Question

An electron of velocity v is found to have a certain value of de broglie wavelength. The velocity possessed by neutron to have the same de broglie wavelength is:

Answer 1

The answer to the question will be  $=5.44\times 10^-4\ v$

CALCULATION:

From de Broglie theory, we know that a moving microscopic particle is associated with a wave called matter wave. The wavelength of the particle associated with a particle of mass m moving with velocity v is calculated as -

                                wavelength $\lambda=\frac{h}{mv}$

Here, m is the mass of the body and h is the Planck's constant.

Let us consider the masses of electron and neutron are m and m'.

As per the question, the wavelength associated with electron and neutron is same.

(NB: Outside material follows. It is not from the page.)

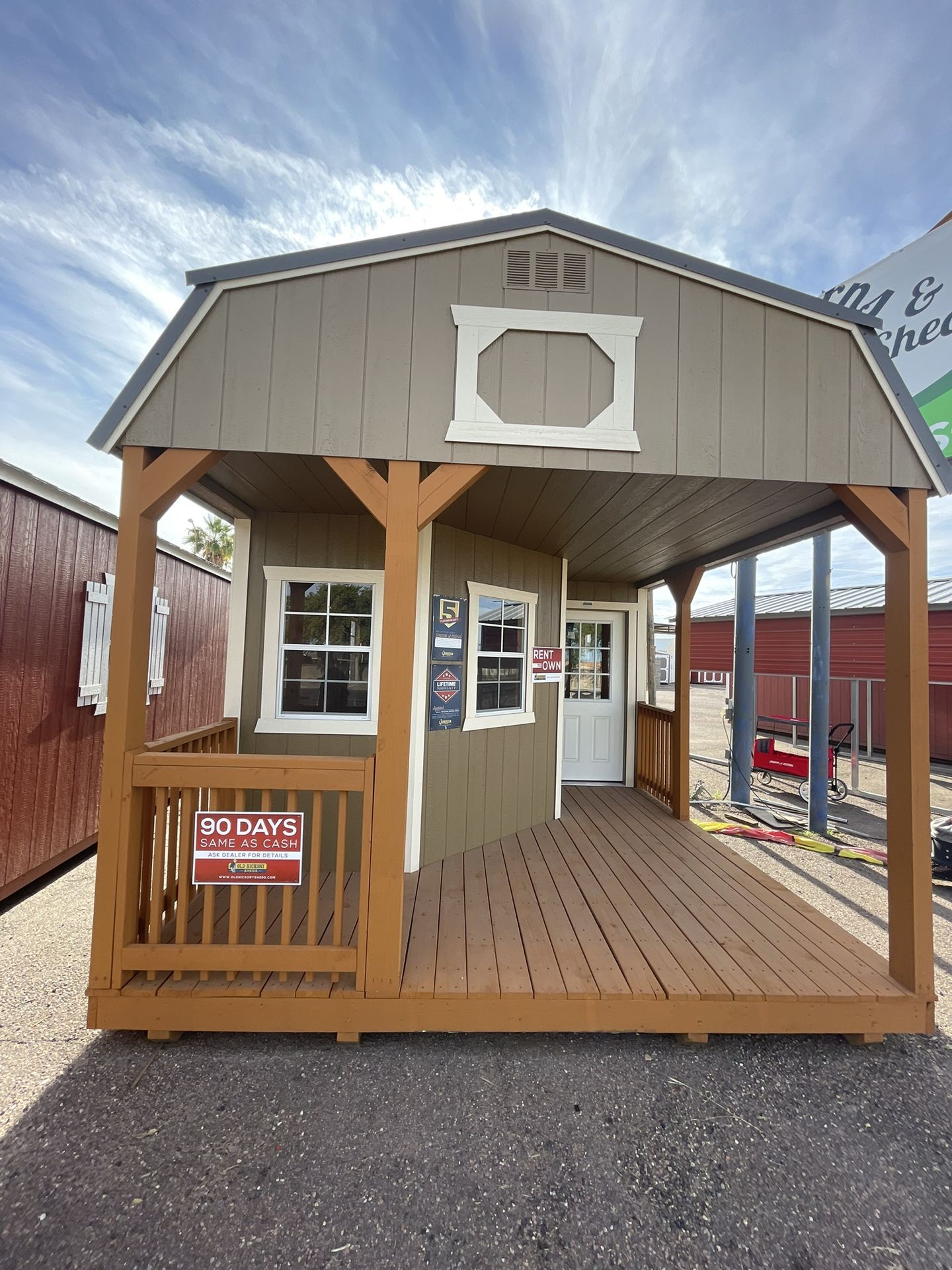 Turn heads and create the perfect backyard escape with our stunning 12x28 Deluxe Playhouse — one of our most popular styles, now on sale for a limited time! ✨ What makes it special: ✔️ Wraparound porch for charm & curb appeal ✔️ 9-lite entry door + five 2x3 windows (3 bay-style up front!) for tons of natural light ✔️ Loft space above – great for storage or creative ideas ✔️ Beautiful design meets real function 🎉 Save 10% this month only — don’t miss out on this rare deal! ( located at our Mesa lot, first 50 miles from us 🆓) Whether you’re dreaming of a cozy retreat, backyard office, she-shed, or play space — this deluxe structure offers style, space, and serious savings.

Let the velocity of neutron is v'.

The velocity of electron is given as v.

Hence, the wavelength associated with electron is $\lambda =\frac{h}{mv}$

The wavelength associated with neutron is $\lambda=\frac{h}{m'v'}$

As the wavelength in both the situation are same, so we may write-

                                   $\frac{h}{mv}=\frac{h}{m'v'}$

                                   $m'v'=mv$

                                   $v'=\frac{mv}{m'}$

                                         $=\frac{9.11\times 10^-31v}{1.675\times 10^-27}$

                                         $=5.44\times 10^-4\ v$    [ans]